SUPPLIED MATERIAL:
──────────────────────────────

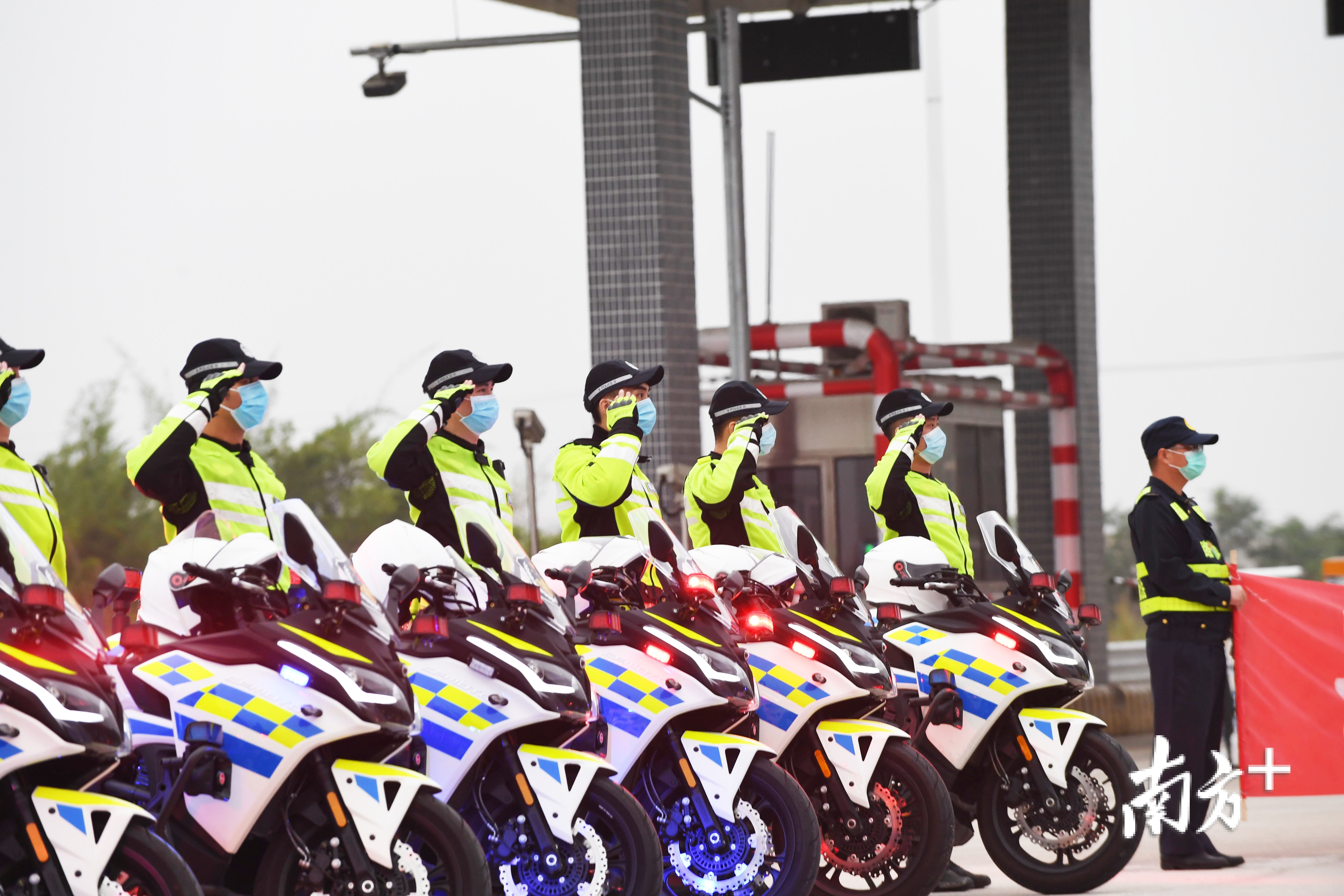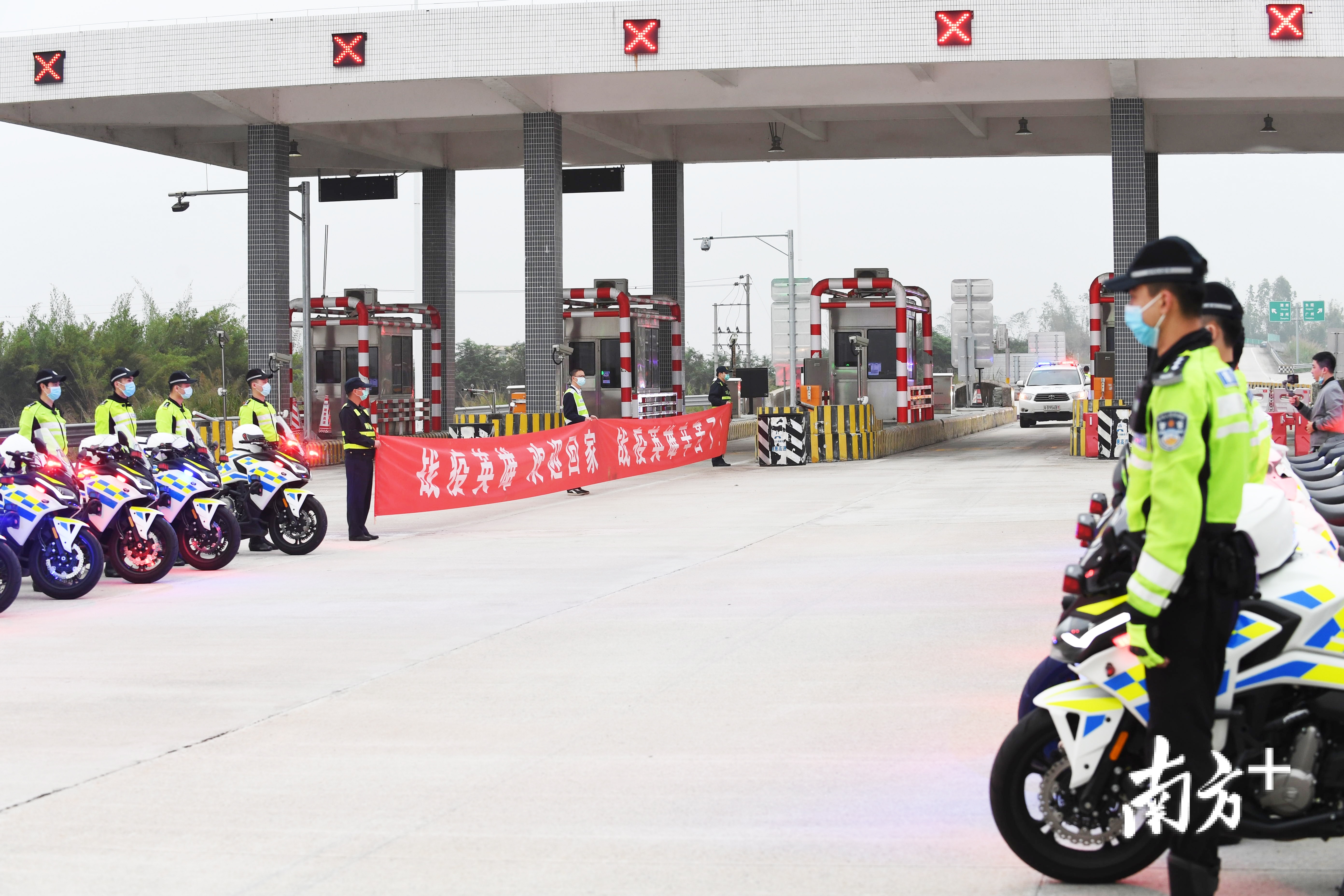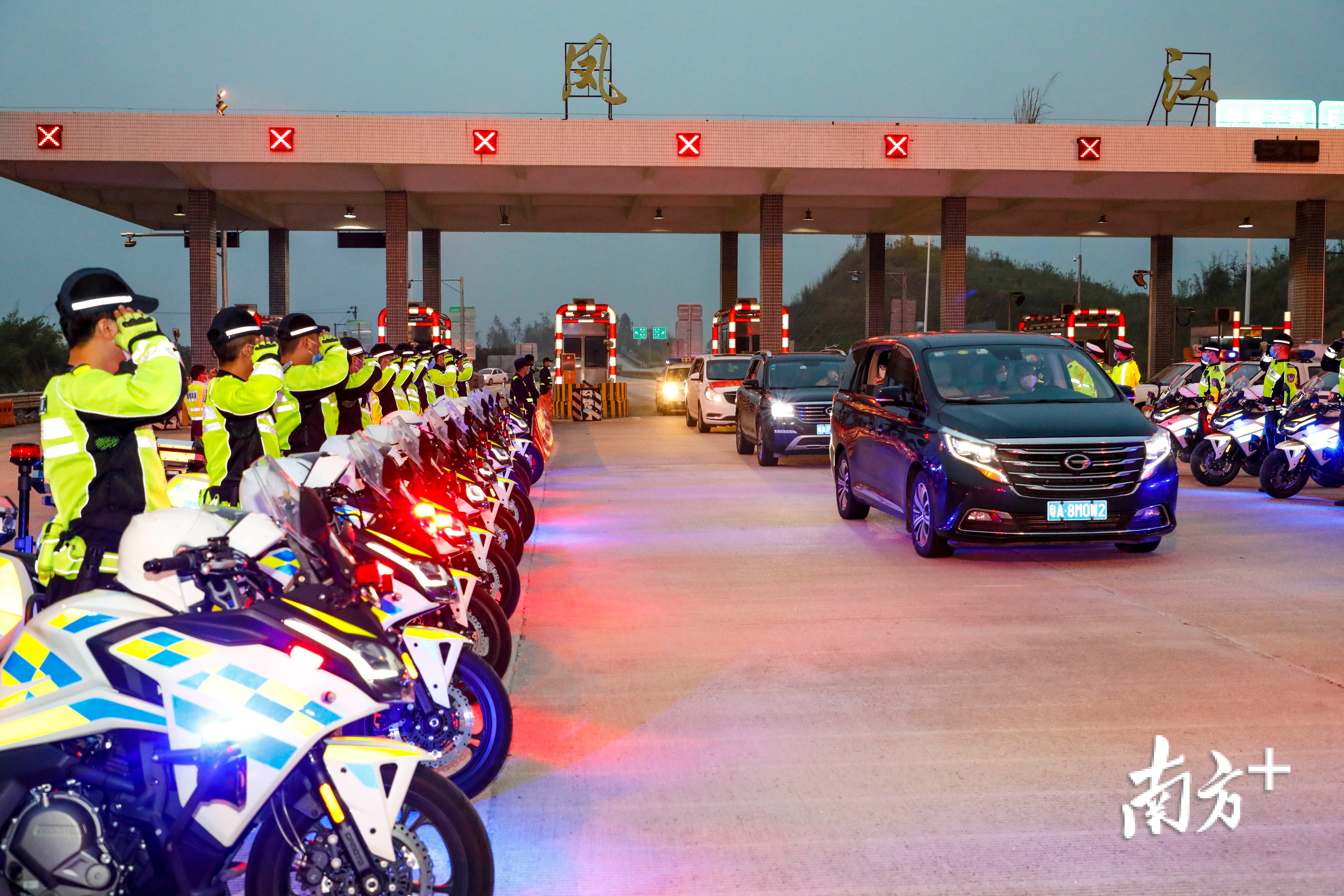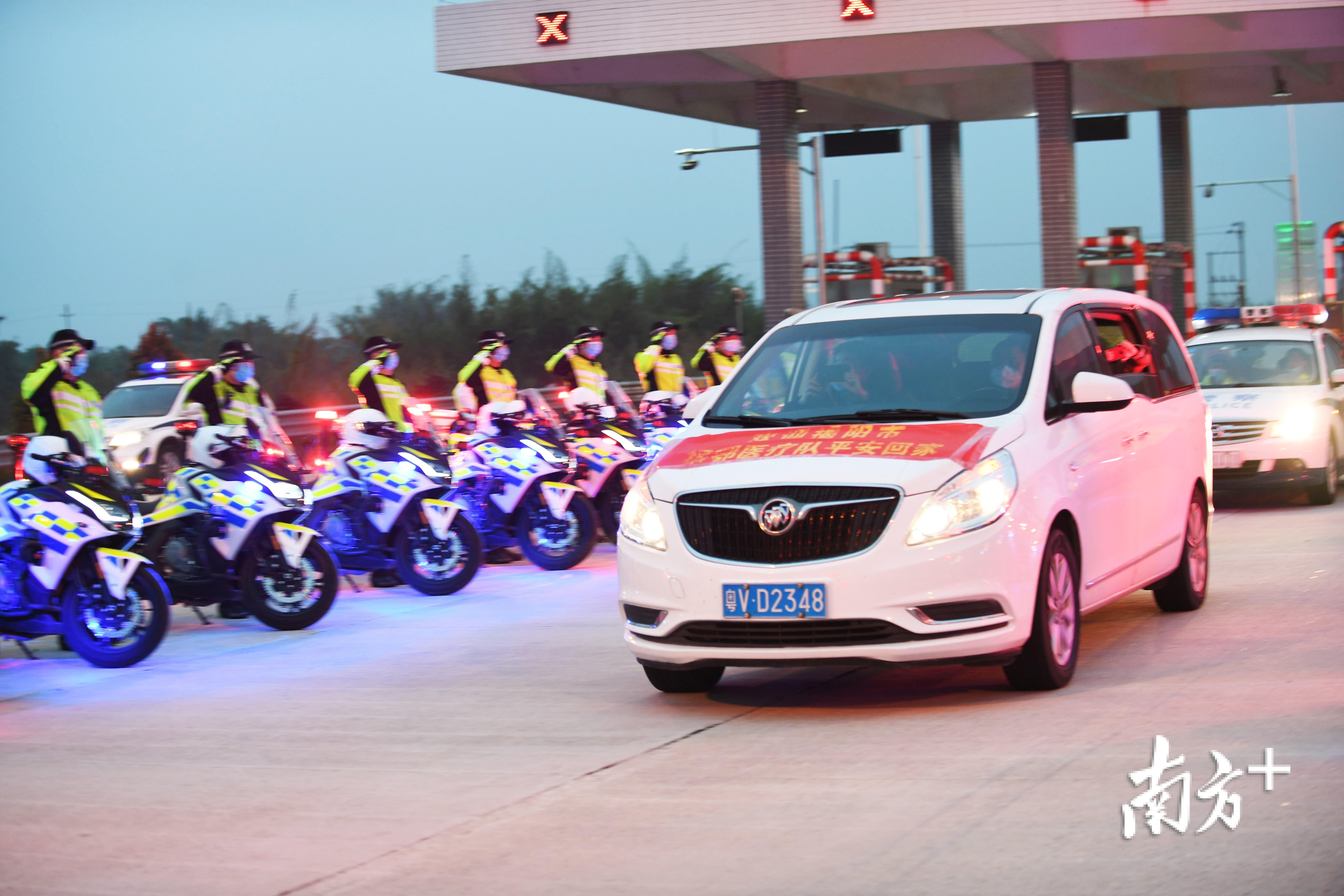 警笛欢鸣,警灯闪烁,以最高礼遇欢迎医疗队回家,向医疗队致敬。在交警车队的护送下,揭阳医疗队一行驶往集中休整地。
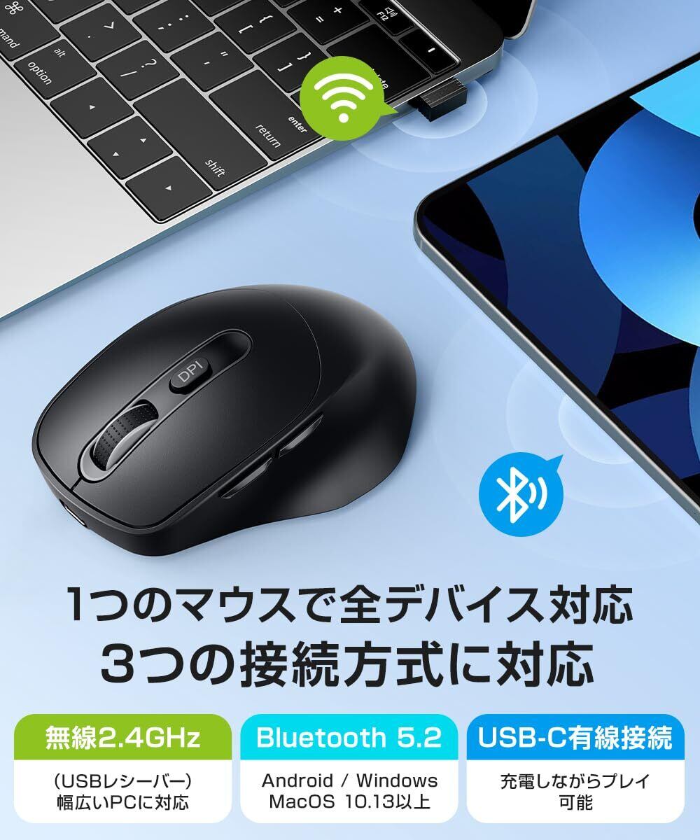 【数量限定】マウス Bluetooth 無線 【人間工学設計|戻る進むボタン搭載|2WAY接続】 ワイヤレスマウス 戻る 進む 5ボタン 搭載 軽量 静音Type-C 充電式 3段階DPI切替 800/1200/1600 USB ワイヤレス ブルートゥース テレワーク ゲーミング 持ち運び ノートパソコン パソコン レシーバー付き iPad/PC/Windows/macbook/Mac対応
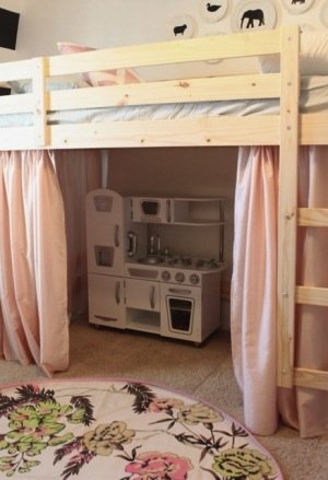 Olhem que graça a casinha de bonecas com direito a mini cozinha montada embaixo da cama. AMEI!
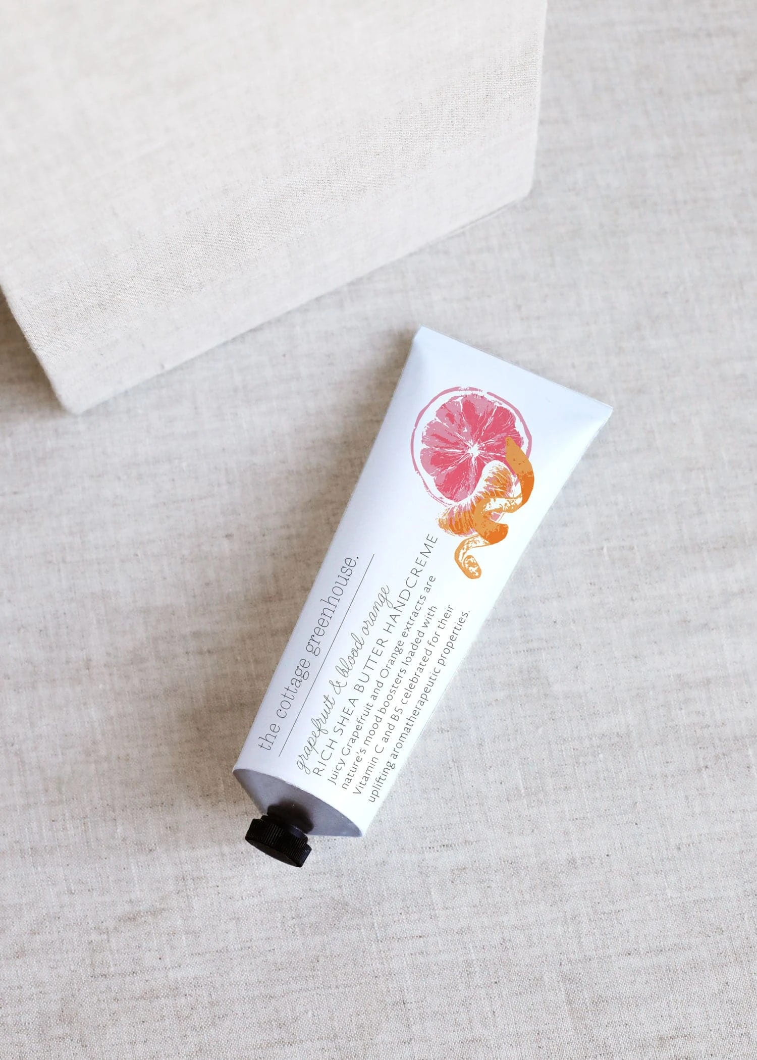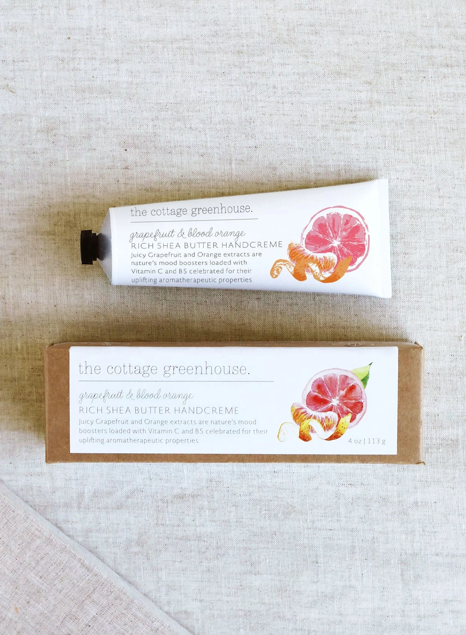 Thick, rich, and positively addicting. Your skin will thank you! Dynamic duo Avocado Oil & Shea Butter provide the base to our luxurious handcreme. Add to this natural emollients Jojoba & Grapefruit Extracts, and you have our irresistible botanic balm that absorbs quickly, soothing even the most demanding dry skin. You are left refreshed and marvelously moisturized. - Fragrance NotesGrapefruit & Blood Orange
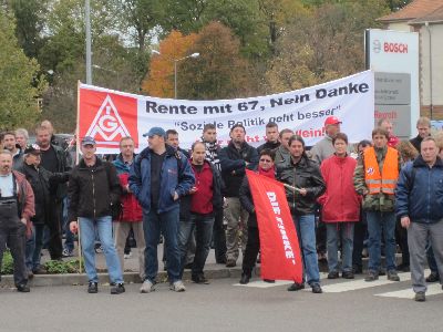 Keine Rente mit 67 und kein ersatzloser Arbeitsplatzabbau fordert Dieter Klein, Betriebsratsvorsitzender der Robert Bosch GmbH.
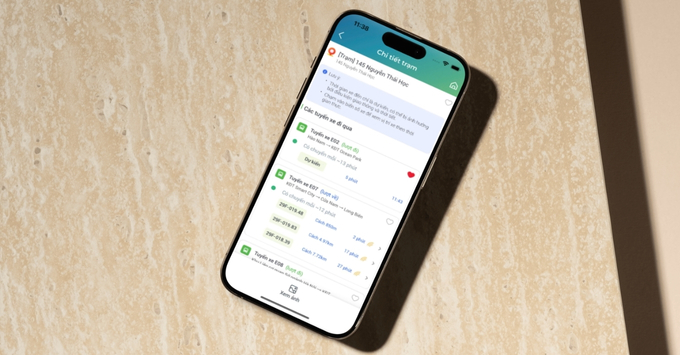 Bước 3: Hệ thống sẽ lập tức hiển thị các tuyến xe đề xuất; hãy bấm vào một lộ trình cụ thể để xem chi tiết số xe, thời gian đi bộ đến trạm và tổng thời lượng hành trình.

──────────────────────────────

AIM OF THE TASK: The entries above need to be printed again exactly; please exclude all pictures.

OUTPUT FOR THIS TASK:
 警笛欢鸣,警灯闪烁,以最高礼遇欢迎医疗队回家,向医疗队致敬。在交警车队的护送下,揭阳医疗队一行驶往集中休整地。
 【数量限定】マウス Bluetooth 無線 【人間工学設計|戻る進むボタン搭載|2WAY接続】 ワイヤレスマウス 戻る 進む 5ボタン 搭載 軽量 静音Type-C 充電式 3段階DPI切替 800/1200/1600 USB ワイヤレス ブルートゥース テレワーク ゲーミング 持ち運び ノートパソコン パソコン レシーバー付き iPad/PC/Windows/macbook/Mac対応
 Olhem que graça a casinha de bonecas com direito a mini cozinha montada embaixo da cama. AMEI!
 Thick, rich, and positively addicting. Your skin will thank you! Dynamic duo Avocado Oil & Shea Butter provide the base to our luxurious handcreme. Add to this natural emollients Jojoba & Grapefruit Extracts, and you have our irresistible botanic balm that absorbs quickly, soothing even the most demanding dry skin. You are left refreshed and marvelously moisturized. - Fragrance NotesGrapefruit & Blood Orange
 Keine Rente mit 67 und kein ersatzloser Arbeitsplatzabbau fordert Dieter Klein, Betriebsratsvorsitzender der Robert Bosch GmbH.
 Bước 3: Hệ thống sẽ lập tức hiển thị các tuyến xe đề xuất; hãy bấm vào một lộ trình cụ thể để xem chi tiết số xe, thời gian đi bộ đến trạm và tổng thời lượng hành trình.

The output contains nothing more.